So now he left it at this: thousands. With what he could remember of his life, that was as good as for ever.
The flat was sparse and dirty. He ate takeout food mostly, and old boxes and bags and sachets were piled on the kitchen surfaces, plates in the sink waiting to be washed when all the clean ones were used. The bin stank of mould and rotting meat. Ed liked that. It reminded him of what he had done, and he only wished he had the conscience to view it as a punishment rather than simply an annoying smell. He paid for his food with a debit card from a bank account that seemed always to honour the transaction. He had an idea that he’d had a good job once. Perhaps he was still being paid. He didn’t deserve it - he felt that he was deserving of very little, and he knew the dead woman would agree - but it was there, and he needed to eat, and his scruples hardly went that deep. If he’d once had morals, they’d been slaughtered by that knife as well.
The same knife he now used to mark the passing of his own life.
He’d have laughed at the irony if he hadn’t sickened himself so much.
Ed put down the knife and went for a walk. He did this most days, wandering past the greasy takeaway food bars, the tacky cheap jewellery shops, money lenders and video emporiums and dingy pubs, their closed doors and smoky interiors almost begging potential customers not to enter. Passing faces he did not know, he acknowledged no one and, in turn, was ignored. He was certain that sometimes they did not even see him. He’d read somewhere that the human mind filters out everything not required from its surroundings, otherwise the information input would be far too massive. He liked not being a part of anybody else’s life.
Ed preferred living in the city because he could be just another mystery, even to himself. He deserved no less. As happened every day, flashes of what he had done haunted him; tastes, sounds, feelings, smells of his crime assailed him at every step, either reflected in shop windows, carried on the air or manufactured inside his head. Trying to ignore them was like trying not to breathe.
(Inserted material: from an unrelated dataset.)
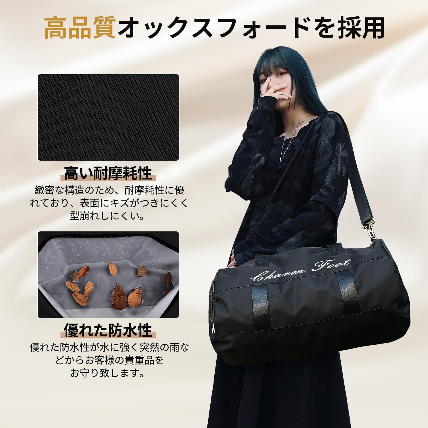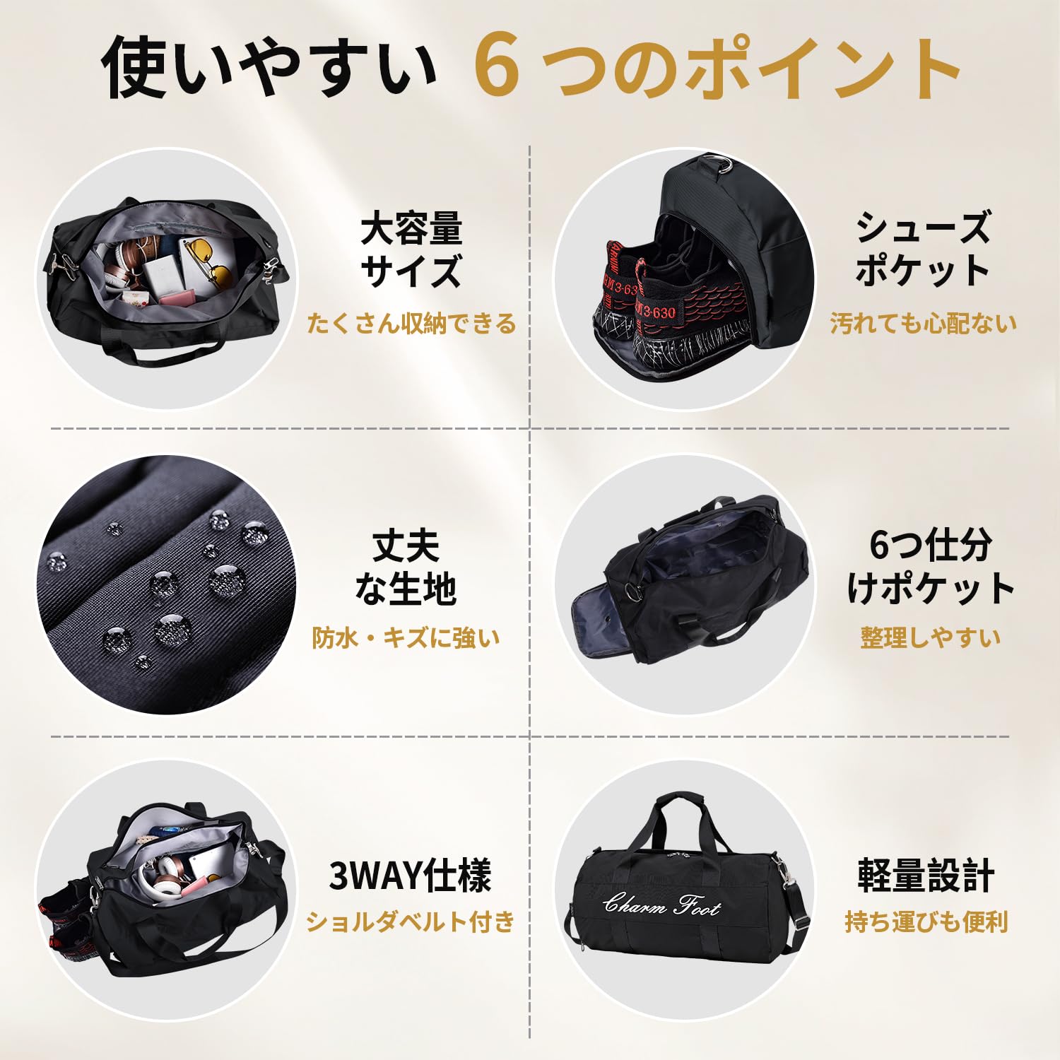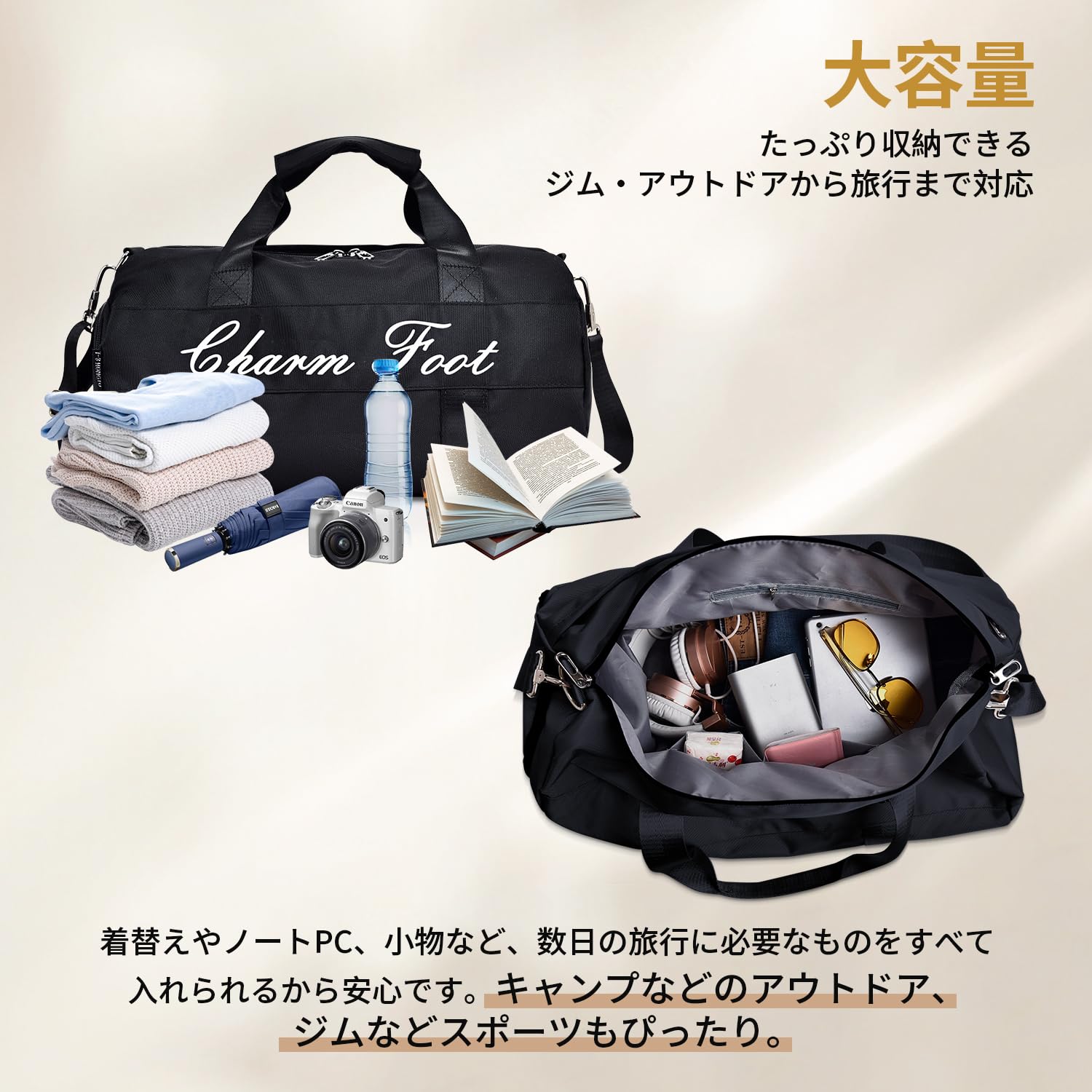[Charm Foot]ボストンバッグ スポーツバッグ ジムバック メンズ レディース ダッフルバッグ 旅行バッグ シューズバッグ 大容量 3WAY ユニセックス 乾湿分離 アウトドア 機内持ち込み 修学旅行 斜めがけ 手提げ 肩掛け 男女兼用 32L 1泊 2泊。 【3WAYで使い方色々】 軽量でシンプル。 上品な生地感で使いやすい落ち着いた大人デザイン。 手持ち・斜め掛け(肩ベルト)・肩掛け(肩ベルト)と3wayのスタイルで使用が可能です。 取外し・調整可能のショルダーベルトは肩に負担を掛けないクッションパッド付きで、肩掛け・斜め掛けで長時間背負っても快適です。 使わい時はA4程度に折りたたみが可能で、急に荷物が増え時のサブバッグとしても活躍します。 【シューズ収納&乾湿分離ポケット】この旅行バッグは靴収納ポケットを設けて、通気孔は二つ付きので、シューズを分けて収納して、運動後の臭いも気にならず、ほかの荷物を清潔に保ちます。 背側は独立な防水ポケットがあって、濡れた衣類、タオル、水着などは収納できます。 【防水生地&YKKファスナー】このボストンバッグは高品質なオックスフォード防水生地素材を採用し、耐磨耗性、耐久性にも優れております。 突然の雨でも安心な撥水加工が施されているので中の衣類や電化製品を雨から守ります!ファスナーもYKKという素材を作りますので、磨耗に強く耐久性があります。 【多用途バッグ】このボストンバッグは合宿やキャンプやフィッシングなどのアウトドア活動・ジムやゴルフやヨガなどスポーツに大活躍するだけでなく、修学旅行、遠足、出張、研修、緊急災害用等々幅広く活躍します。 ファッションなデザインで、観光、学校なども利用できます。 普段使いでジムバッグで、トレーニングなどの習い事の際、様々なシーンで活躍できます。 【商品仕様】容量:32L;サイズ:約長さ48cm*幅27cm*高さ27cm;ショルダーベルト約55~105cm;ポケット設計:外側4つ(メインポケット、シューズ収納ポケット、乾湿分離ポケット、フロントポケット)、内側3つ(小物収納ポケット*2、ファスナーポケット*1)合計7つのポケットがあって、服や洗濯用品など様々物をたっぷり収納できて非常に便利です。 S000-K1007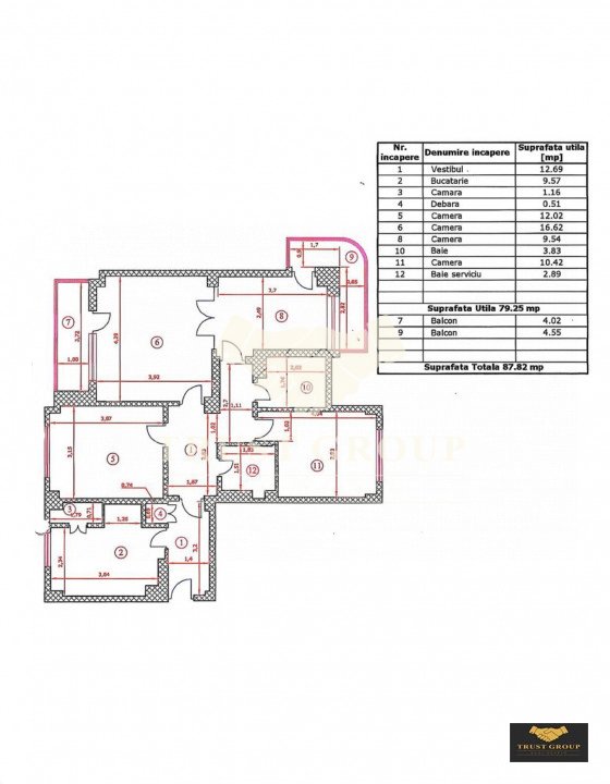 Dispune de o suprafata totala de 80mp, este semidecomandat si compartimentat astfel: living, bucatarie, trei dormitoare, doua bai, hol, spatii de depozitare si doua balcoane.

Accepting them, suffering, was all he could do to make amends.
He certainly did not deserve to meet Queenie.
On that hot July afternoon when he first saw her, he simply watched. He hadn’t had sex since the war, rarely even masturbated, but seeing the woman in the park stirred feelings that surprised him with their intensity. He wanted her, yes, but he was also interested by her. The strange things she did went some way to explaining that, but also the way she moved, the clothes she wore, the way she flicked her long hair back over her shoulder quickly and impatiently, as if it were merely an annoyance.
Ed sat on a bench by the pond and tried to blend into the background. He hated being noticed at the best of times, but now, watching this woman, he craved invisibility. The more fascinated he became with her and her actions, the less he wanted to meet her.
She must be planning something, he thought. Scouting the area for a filming. Or perhaps she was an artist. She was lurking beneath a clump of trees at the edge of the park, holding something up to the sky - a light meter, Ed guessed - taking photographs, scratching around at the foot of the trees with a small trowel as if looking for buried treasure. She kept out of the sun. If she did emerge from beneath one group of trees, she would quickly cross the sunlit grass to another area of shadow. Her skin was dark and weathered - she obviously spent a lot of time outdoors - but she seemed to much prefer the comfort of shadows to the hot caress of the sun. Ed could relate to that. He wondered what crime she was trying to hide from.
It took over an hour for her to notice him. In that time he sat motionless on the bench, the sun slowly burning his bald pate, hardly even twitching as a group of teenagers cycled by so close that one of them touched his shoe with his wheels. He watched her set a camera on a tripod and take one photograph every five minutes, fix small boxes to several trees with nails, sweep leaves away from the bole of a lightning-struck tree as if to reveal its skeletal underside. She finally sat down and took a bottle of water from a rucksack … and that was when she saw him.
Ed held his breath, startled, as she froze and stared across at him. She was too far away for him to see her expression clearly, but she put her bottle down and stood without looking away from him.
His heart began to race, sweat popped out on his skin, his sunburned scalp tightened. She was not only standing, she was walking, coming out into the sun and seemingly oblivious of it for the first time, striding across the grass and glancing away now and then, though infrequently and not for long.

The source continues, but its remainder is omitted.